[Start of section]

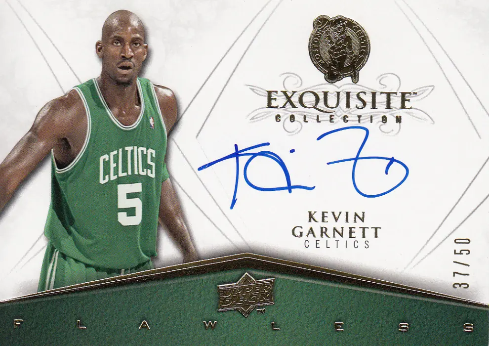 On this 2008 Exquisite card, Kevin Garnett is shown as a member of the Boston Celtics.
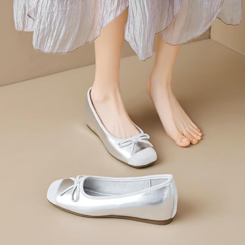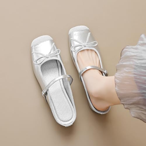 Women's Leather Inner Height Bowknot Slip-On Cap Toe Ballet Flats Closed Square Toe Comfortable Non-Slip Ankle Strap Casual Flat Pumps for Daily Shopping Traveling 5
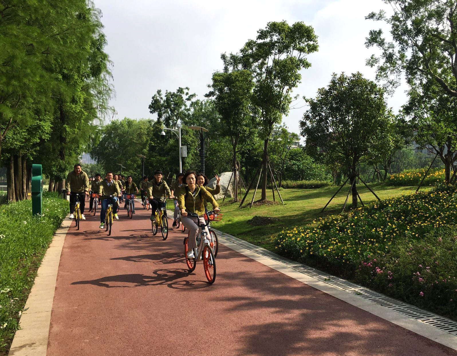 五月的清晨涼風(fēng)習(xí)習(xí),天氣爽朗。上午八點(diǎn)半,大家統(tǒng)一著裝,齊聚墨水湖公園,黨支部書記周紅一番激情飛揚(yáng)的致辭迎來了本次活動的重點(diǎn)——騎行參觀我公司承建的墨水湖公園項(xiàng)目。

[End of section]
[Start of section]

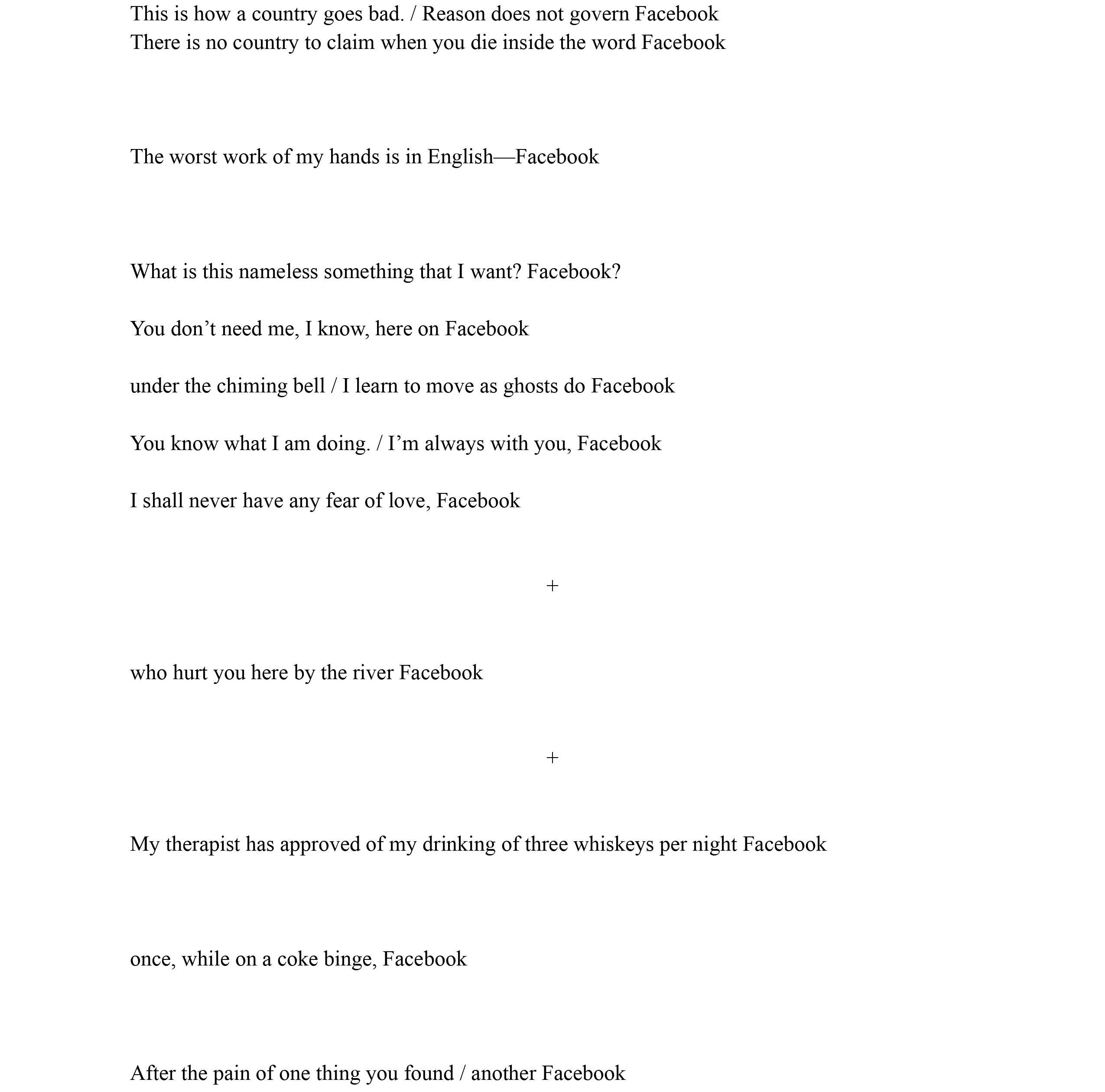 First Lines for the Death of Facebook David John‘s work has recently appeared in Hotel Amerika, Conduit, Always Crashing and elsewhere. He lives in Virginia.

[End of section]

WHAT YOU WILL DO. Lines wanted from the entries above: the one with "Women's Leather Inner", the one with "五月的清晨涼風(fēng)習", and all lines between. Please copy them exactly, without the pictures and without anything else.

ANSWER SECTION.
 Women's Leather Inner Height Bowknot Slip-On Cap Toe Ballet Flats Closed Square Toe Comfortable Non-Slip Ankle Strap Casual Flat Pumps for Daily Shopping Traveling 5
 五月的清晨涼風(fēng)習(xí)習(xí),天氣爽朗。上午八點(diǎn)半,大家統(tǒng)一著裝,齊聚墨水湖公園,黨支部書記周紅一番激情飛揚(yáng)的致辭迎來了本次活動的重點(diǎn)——騎行參觀我公司承建的墨水湖公園項(xiàng)目。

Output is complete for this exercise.